Certo è che Harding ingrassa il filotto dei romanzi ambientati nel Nord-Est americano che da qualche anno domina il Pulitzer: ora il New England di Tinkers, prima il Maine di Olive Kitteridge (Elizabeth Strout, 2009) e il New Jersey di La breve favolosa vita di Oscar Wao (Díaz Junot, 2008). Perché questo lembo di terra a stelle e strisce è così ispiratore? «Penso siano coincidenze», riflette Harding. «Però è anche vero che nel Nord-Est, questa terra dalla natura meravigliosa, il pensiero e la letteratura commerciale americana sono cresciuti enormemente. È una zona di “kindred spirits”, ricorda Thoreau o la stessa Emily Dickinson?». Anche in Tinker c’è tanta poesia, nascosta tra le sbarre della prosa. Ma la narrazione rimane incredibilmente scorrevole per la sua densità empatica, aneddotica e figurativa. C’è qualcosa di musicalmente speciale nella scrittura di Harding. Il motivo si rintraccia nella sua impolverata carriera musicale: «Da ex batterista, scrivo a ritmo di musica», ammette lo scrittore. «La classica ha influenzato tanto la mia letteratura. Le frasi dei miei romanzi sono fraseggi musicali, i capoversi variazioni, i capitoli movimenti, i romanzi sinfonie. Nello scrivere cerco sempre la tonalità giusta, in chiavi diverse».

Poi la domanda da un milione di dollari: le piace Obama? Da confesso fan del partito democratico, Harding risponde: «Moltissimo, è bravo, carismatico, nulla a che vedere con l’ancien régime di quello prima di lui (Bush, ndr). Sono così sollevato dall’avere un presidente finalmente intelligente». Eppure tanti intellettuali e artisti sono già rimasti delusi da lui, ultimo Paul Auster: «Certo, magari fosse più progressista di quello che attualmente è. Ma è molto difficile trovare un equilibrio tra sogni e realtà, soprattutto ora che i repubblicani si stanno spostando sempre più a destra». L’America della paura però non sembra cambiata neanche con l’effetto Barack: «Con la crisi c’è molta più fame e aggressività, i Tea Party nascono anche da queste piaghe».

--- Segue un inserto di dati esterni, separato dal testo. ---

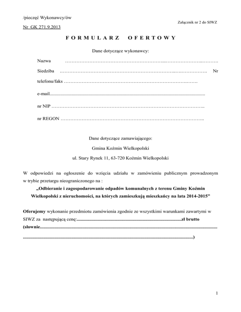 Załącznik nr 2 - bip - koźmin wielkopolski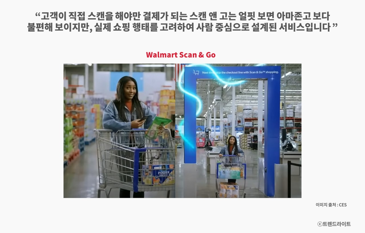 반면에 월마트가 공개한 스캔 앤 고(Scan & Go) 기술은 겉보기엔 그리 특별하진 않습니다. 고객이 쇼핑하는 동안 자신의 모바일 기기로 상품을 스캔하고 결제하는 것이 다죠.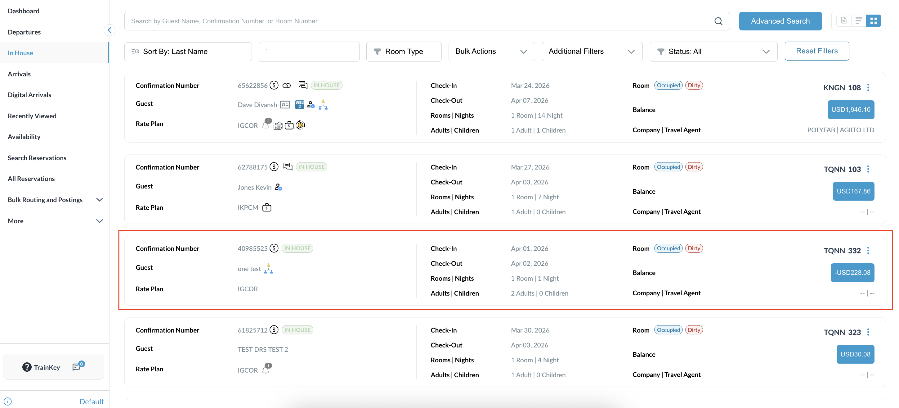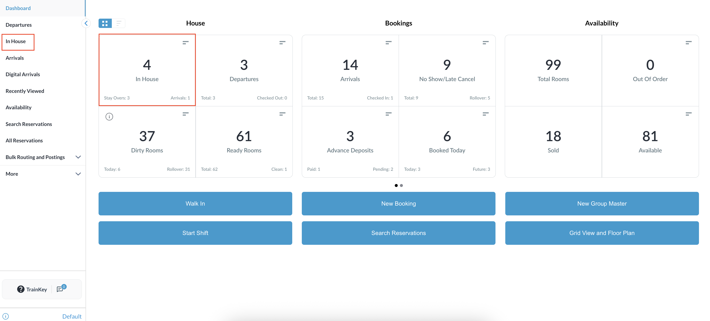 Navigate to Frontdesk Dashboard and click on In House Reservations | ![]() |

Un altro lato interessante di Paul Harding è il suo viscerale interesse per la religione, riscoperta molto avanti con gli anni: «Sono nato e cresciuto in una famiglia atea», ricorda l’autore, «a differenza dei non credenti di oggi per i quali è una libera scelta non avere una fede. Ma piano piano mi sono accorto che gli intellettuali che adoravo erano quasi tutti pensatori religiosi come Calvino, Barth e via dicendo. Ho capito che la religione non è quell’ammasso di superstizione e nonsense. Ho letto la Bibbia e non è assolutamente violenta o intollerante come si dice. È un’opera di enorme bellezza estetica e narrativa. C’è tanta cultura alla quale non sarei mai arrivato se avessi avuto pregiudizi nei confronti della fede». Oggi vede la religione in pericolo? «Il problema è l’uso ideologico che se ne fa, come con la scienza. Ad esempio negli Stati Uniti da anni vige un pensiero pseudoscientifico al punto che, per molti, ogni tradizione sta diventando un’attività disprezzabile». Ma lei crede nell’evoluzione, Mr. Harding? «Ma certo che sì, è una cosa talmente ovvia. Che mi ha preso, per un fondamentalista?».